→ **What is needed**: Output only the lines that run from the line holding "写真一枚目はカイノキ。最初は" to the end of the data below, including both ends, without any pictures.

→ **Records contained in a dataset**:

┌──

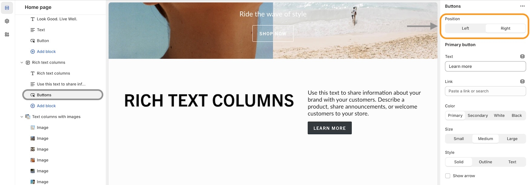 Each block has a position option for column placement:
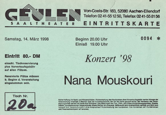 | 14.03.1998 | Aachen | Saaltheater Geulen | D | Ticket | O | |||
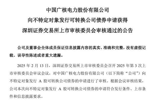2025年02月14日,中国广核电力股份有限公司发布《向不特定对象发行可转换公司债券申请获得深圳证券交易所上市审核委员会审核通过的公告》。图源:中国广核公告 公告表示,公司本次向不特定对象发行 A 股可转换公司债券事项尚需获得中国证券监督管理委员会作出同意注册的决定后方可实施,最终能否获得中国证监会同意注册的决定及其时间尚存在不确...
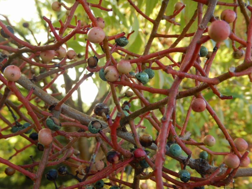 写真一枚目はカイノキ。最初は青っぽい色の実がだんだん赤くなり、最後は黒くなりますが、そろそろ青色は無くなってきました。芝生広場のトイレ両脇にある大きな木です。
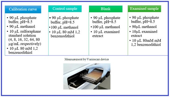 In order to determine isothiocyanates in the analyzed extracts, a standard solution of 1,2-benzenedithiol at a concentration of 80 mM was prepared. To this end, 114.2 mg of the standard reagent was dissolved in 10 mL of methanol. The analysis was carried out on a 96-well plate. The reaction mixture with the ultimate volume of 200 µL was prepared in the following way (
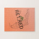 Celebrate the best years of your life with this beautiful retirement themed jigsaw puzzle. The design features a Florida state map with the saying, "Happily Retired." A tropical palm tree replaces the letter "i" in retired! The background is a contemporary orange colored gradient. Available in various size options. The puzzle is perfect for a retirement party gift, Grandparent's gift, gift for senior citizens, snowbirds, or anyone enjoying retirement in the State of Florida! Please browse our complete collection of tropical-themed retirement cards, gifts, t-shirts, home decor, and more. Special design requests accepted.

└──

→ **Task response**:
 写真一枚目はカイノキ。最初は青っぽい色の実がだんだん赤くなり、最後は黒くなりますが、そろそろ青色は無くなってきました。芝生広場のトイレ両脇にある大きな木です。
 In order to determine isothiocyanates in the analyzed extracts, a standard solution of 1,2-benzenedithiol at a concentration of 80 mM was prepared. To this end, 114.2 mg of the standard reagent was dissolved in 10 mL of methanol. The analysis was carried out on a 96-well plate. The reaction mixture with the ultimate volume of 200 µL was prepared in the following way (
 Celebrate the best years of your life with this beautiful retirement themed jigsaw puzzle. The design features a Florida state map with the saying, "Happily Retired." A tropical palm tree replaces the letter "i" in retired! The background is a contemporary orange colored gradient. Available in various size options. The puzzle is perfect for a retirement party gift, Grandparent's gift, gift for senior citizens, snowbirds, or anyone enjoying retirement in the State of Florida! Please browse our complete collection of tropical-themed retirement cards, gifts, t-shirts, home decor, and more. Special design requests accepted.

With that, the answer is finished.